Types of GREMLINs
Performance optimization under a power bound is the primary novel challenge of exascale computing. To explore this space, developers need to understand the power characteristics of their code as well as how it reacts to low-power scenarios. Our Power GREMLIN enabled measuring and capping both cpu package and DRAM power by using the Running Average Power Limit (RAPL) technology on Intel processors.
Performance at exascale will not only be constrained by power but by thermal considerations as well. In addition, continuous execution at high power requires active cooling which in turn consumes more power. Our Thermal GREMLIN allows developers access to per-core temperature sensors to track how code creates heat. We are exploring the possibility of augmenting this gremlin with an interface to package thermal capping: when the processor reaches the user-specified limit, performance degrades until the lower temperature is restored.
Designing fault-tolerant programming models and recovery techniques requires evaluating them with real-world faults and errors. The resilience GREMLINS inject faults into target applications at specified rates and distributions, which emulate the characteristics of real-world faults. This enables us to study the efficiency and correctness of future middleware- and application-level recovery techniques.
Our fault injection strategy involves emulating faults from multiple components of the system: processor instruction faults, memory errors, network errors, and process failures. Our goal is to study the efficiency of fault recovery paradigms such as:
- Code block re-execution: via annotations, programmers can protect code regions using semantics similar to try/catch statements. When an instruction fault occurs, the code region is simply re-executed.

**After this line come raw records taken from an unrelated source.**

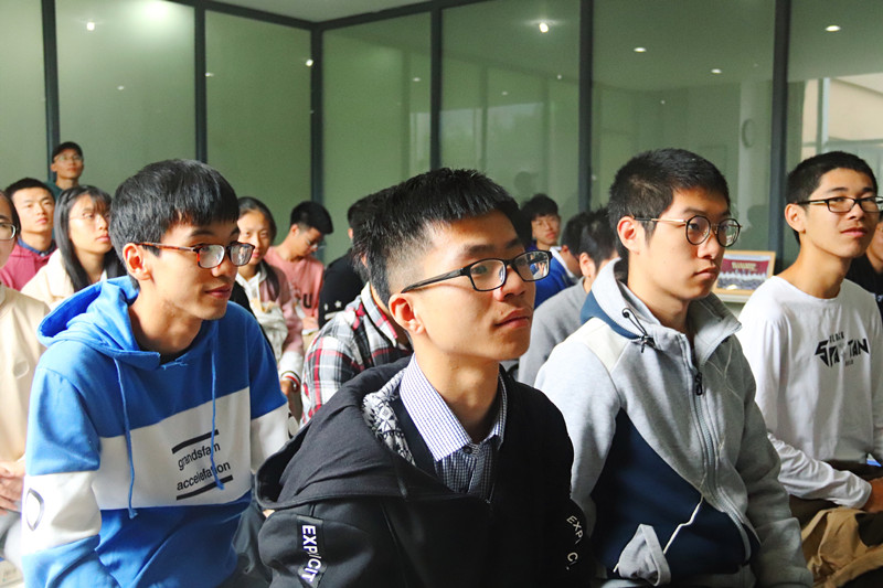 除了详细介绍三位伟人的贡献之外,他还引申谈到了诸如比尔·盖茨、乔布斯、埃隆·马斯克等商业巨头的物理学背景,并做出“物理学原理提供发明的基础、创造的动力和逻辑基础”的最终总结,这除了是对物理学的实用性和伟大性的肯定以外,更是对同学们重视物理学理论研究的鼓励。他也建议同学们在平时应当注重对物理学著作尤其是英文原典的研读。
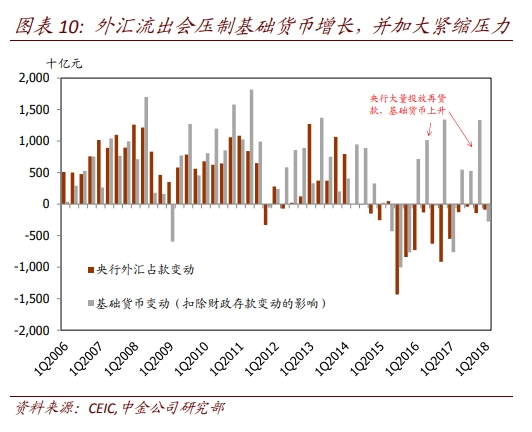 政策调整的方向包括进一步降准、采取更具可操作性的金融去杠杆路径以保证实体经济融资需求;对非标回表和地方政府隐性债务的清理也需安排过渡期及调整对“个案”的容忍度。此外,考虑到中美最近经贸摩擦升级,更稳健的内需走势也将有助于提升市场对中国金融资产的风险偏好。而另一方面,如果政策调整滞后、市场持续波动,紧缩压力可能进一步加剧,而人民币汇率预期也可能继续走弱。在这样较悲观的情形下,外汇流出会压制基础货币扩张,形成紧缩负反馈,并在很大程度上增加目前货币政策调整的复杂性。这一方面,2015-2016年的经历是前车之鉴。
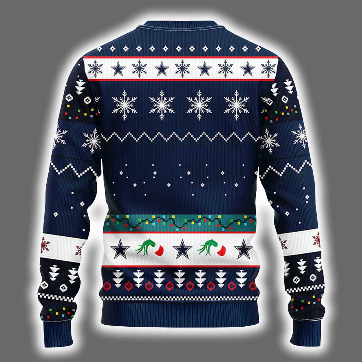 Turn heads and spark laughter at every holiday gathering with this sweater. This vibrant design features the iconic green hand of the Grinch holding a Cowboys logo. Set against a deep blue backdrop sprinkled with snowflakes and stars, the sweater bursts with classic Christmas motifs: candy canes, reindeer, trees, and snowflakes in bold reds, greens, and whites. The back continues the festive vibe with matching patterns, making sure you’re holiday-ready from every angle.
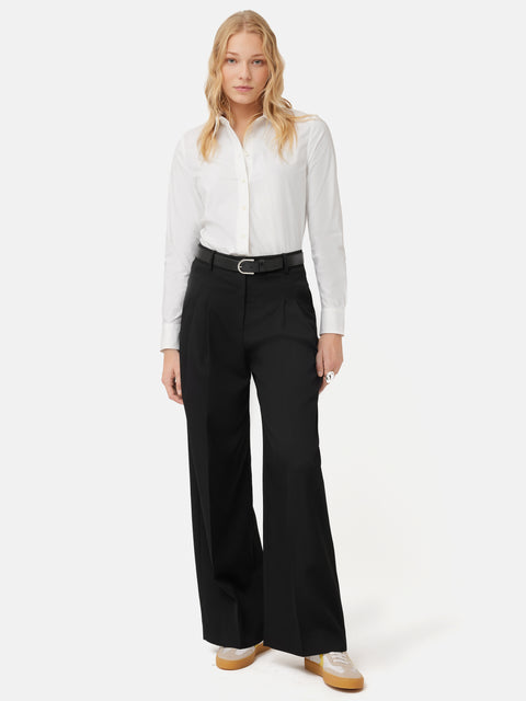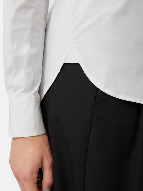 Nothing is more classic than a cotton white shirt. But its the crisp cotton poplin and classic Mother of Pearl buttons that distinguishes it from the rest. The tailored seams craft a silhouette that exudes sophistication, lending a refined charm that effortlessly complements both tailored blazers and cozy knitwear. Fit and Features

- Data reconstruction: network errors are handled by packet retransmissions, which can be expensive operations. Instead of incurring high overheads by retransmitting data, we let the application know about errors. The application can reconstruct lost data or discard the error.

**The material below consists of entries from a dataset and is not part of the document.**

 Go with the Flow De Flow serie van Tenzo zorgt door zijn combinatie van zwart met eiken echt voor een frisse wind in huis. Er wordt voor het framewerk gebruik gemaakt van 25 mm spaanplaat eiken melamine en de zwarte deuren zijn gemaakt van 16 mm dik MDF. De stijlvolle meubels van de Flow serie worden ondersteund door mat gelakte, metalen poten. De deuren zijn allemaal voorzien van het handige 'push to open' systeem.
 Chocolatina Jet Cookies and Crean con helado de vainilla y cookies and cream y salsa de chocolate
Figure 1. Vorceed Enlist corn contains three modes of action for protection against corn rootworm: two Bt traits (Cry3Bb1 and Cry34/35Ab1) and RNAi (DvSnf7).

- Replication in space and time: parallel processes can fail, e.g., due to a node crash. We are designing mechanisms to store critical data in neighbor processes or nodes. When a node crashes, the application can continue with the rest of the healthy nodes.

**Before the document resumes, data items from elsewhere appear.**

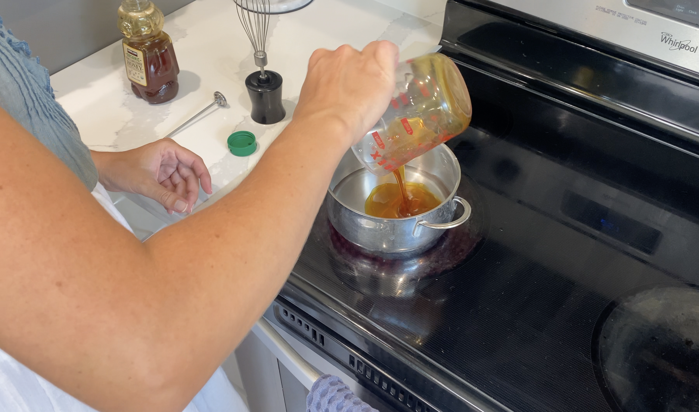 2. Add 1/2 cup water and 3/4 cup honey to a pot. Boil on medium high heat until mixture reaches 240°, about 15 minutes.
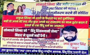 हिंदु शिव भवानी की ओर से पोस्टर लगाने वाले ने अपना नाम लव कुमार सिंह उर्फ रुद्र बताया है. लिखा है कि वह हिंदू शिव भवानी का राष्ट्रीय अध्यक्ष है. पोस्टर पर आगे लिखा गया है, “सोनाक्षी सिन्हा को हिंदू शिव भवानी सेना बिहार में घुसने नहीं देगी.”
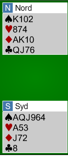 Syd er i 4 spar uten motmeldinger. Vest spiller ut kløver 10 til damen og østs konge. Derfra kommer hjerter dame tilbake. Det kan se ut som om det blir to hjertertapere slik at kontrakten er avhengig av ruterfinessen. Men det er kun om du ikke har fått med deg hvordan nords "små" kløver har vokset verdi. Ø/V har nå igjen kun esset og nieren i kløver, og det bør spillefører utnytte. Det han bør gjøre er helt gratis!
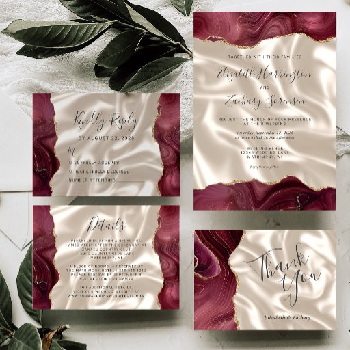 Burgundy Gold Agate Ivory Silk Wedding SuiteOntworpen door Akhates Designs
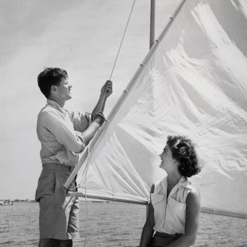 “John Kennedy and Jacqueline Bouvier on Sailboat. (Original Caption) 6/27/1953- Hyannis Port, MA: Senator John F. Kennedy (D-MA) and his fiancee Miss Jacqueline Bouvier of Newport, relaxing at the Kennedy’s…
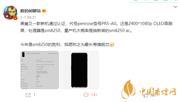 “黑鯊又一款新機(jī)通過認(rèn)證,代號penrose型號PRS-A0。還是2400*1080p OLED高刷屏,處理器是sm8250,量產(chǎn)機(jī)大概率是換新裝的sm8250 ac。”

By running carefully-calibrated threads alongside codes of interest, we can emulate reduced bandwidth and capacity across the whole of the memory hierarchy.
Latency GREMLINS expose the PEBS interface on Intel processors to allow us high-fidelity, per-load latency measurements. We are exploring several options that will allow us to degrade latency, thus simulating the more complex memory hierarchies in future exascale designs.
Noise GREMLINS allow injection of delays ranging from nanoseconds to milliseconds and can be specified as part of a specified random, time-dependent distribution. As core counts increase by multiple orders of magnitude, rare noise events become more common. This gremlin allows us to simulate what noise might be like on an exascale cluster.